Memory works this way—it is only what you choose it to be:

It is a truth wrapped up layers of emotion and self-deception:

This is where art lies.

Recent work 2018-2019 ...and a few older ones

Solitude Acrylic on canvas 1000 x 1000

All memory is filtered by subsequent events to the point that others may not recognise the alternate reality that has been created. In re-telling a story events are added, distorted and modified to suit both audience and teller. These works explore the disparity between what was and what was remembered. Figurative landscape elements that create a notion of place merge with fixed points and specific memories to create a single abstract expression.

Mynydd Du Acrylic on canvas 1000 x 1000

Canvas is left unpainted either as vestigial space to allow the subject to breathe or from a belief that what isn't said also has value; the canvas merely records a fleeting moment.

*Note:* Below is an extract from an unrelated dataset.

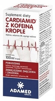 Продукт з унікальним складом інгредієнтів, які: мають стимулюючу дію, сприяють зниженню відчуття втоми і втоми, сприяють поліпшенню концентрація. Кардіамід з кофеїном рекомендується людям, які: відчувають слабкість, втому та втрату бадьорості та брак енергії, бажають підтримати розумову форму та концентрацію.
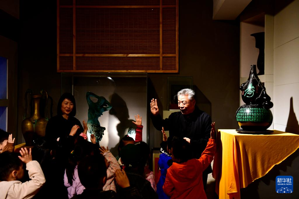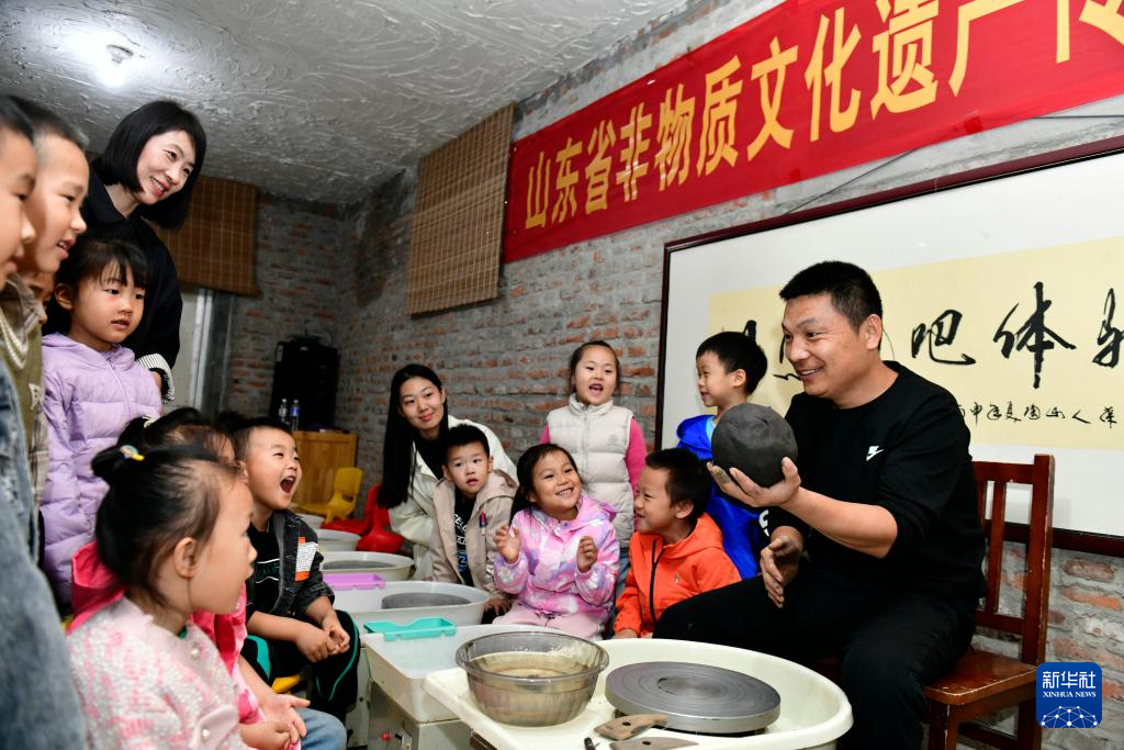 10月22日,在日照黑陶邢艺术厂,非遗传承人邢葆奎向前来研学的老师和小朋友展示黑陶制作技艺。

Fracture Acrylic on canvas 1000 x 1000

These recent works are part of a series based on my memories of Berlin during the late 60’s when, as a child, I would spend summers visiting my German grandparents and have to pass through a series of checkpoints run by the occupying troops, the first to enter East German, the second to enter Berlin . The Russian checkpoints were always the most difficult to negotiate, setting up the backdrop to weeks of contrasts: blissfulness in an environment of enforced isolation and division,

Bible Black Acrylic on canvas 1000 x 1000

with days spent negotiating the impact of both a divided Germany and the omnipresent effect of the Berlin Wall. Although the embrace of family and community was strong ,these visits were permeated by much that was left unsaid,

Red Acrylic on canvas 1000 x 1000

stories told in a foreign language with much that I didn't want to know,

Red nr 2 Acrylic on canvas 1000 x 1000

places where access was recently denied.

Division Acrylic on canvas 1000 x 1000

While listening to radio free berlin, I preferred an imagined reality,

Interzone Acrylic on canvas 300 x 400

a reality based on incomplete memories,

Starless Acrylic on canvas 1500 x 1000

and partial truth,

Homeland Acrylic on canvas 1500 x 1000

achieving a form of reconciliation only by leaving.

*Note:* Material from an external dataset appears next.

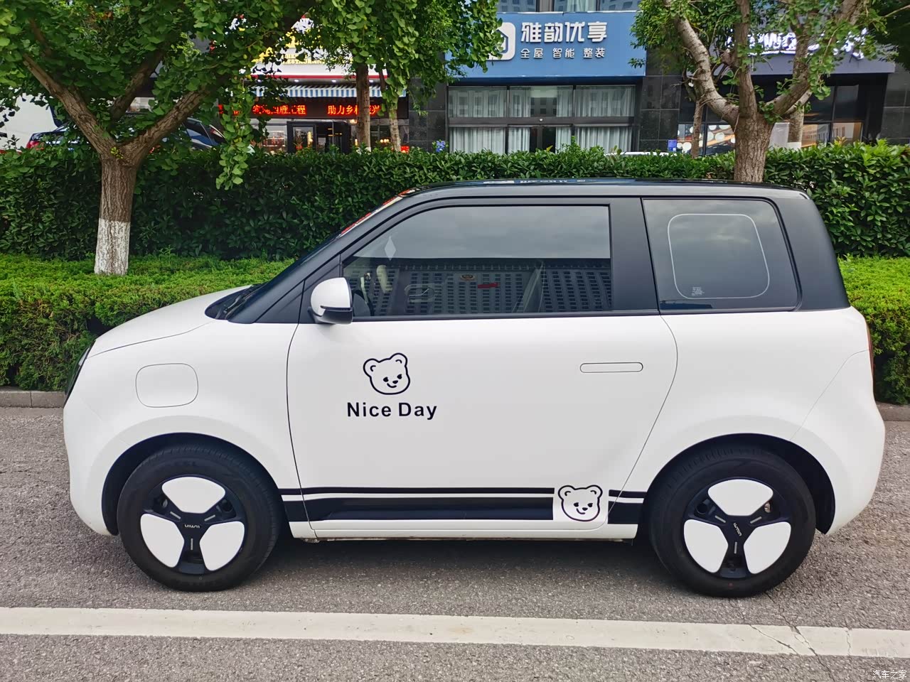 糯玉米是双开门,门比较大,隐形的门把手,没有花钱升级,觉得不影响开门,车身线条比较柔和,胖嘟嘟的,车灯像没睡醒的眼睛👀,蠢萌蠢萌的,车轮像个猫爪子,我给爱车贴了黑色悬浮顶,侧面也装饰了一下,是不是更可爱了😍

Triptych Acrylic and oil on canvas 3 x 280 x 350

Black and Black on White: three different versions to create a single work. I used the ultra black paint, Black 2.0 from Stuart Semple, in these paintings. It really is very black and very matt and sets up a play on blackness. Stuart developed this paint in response to Anish Kapoor’s appropriation of the world rights to use Vanta black (the blackest paint ever made) solely for his own use.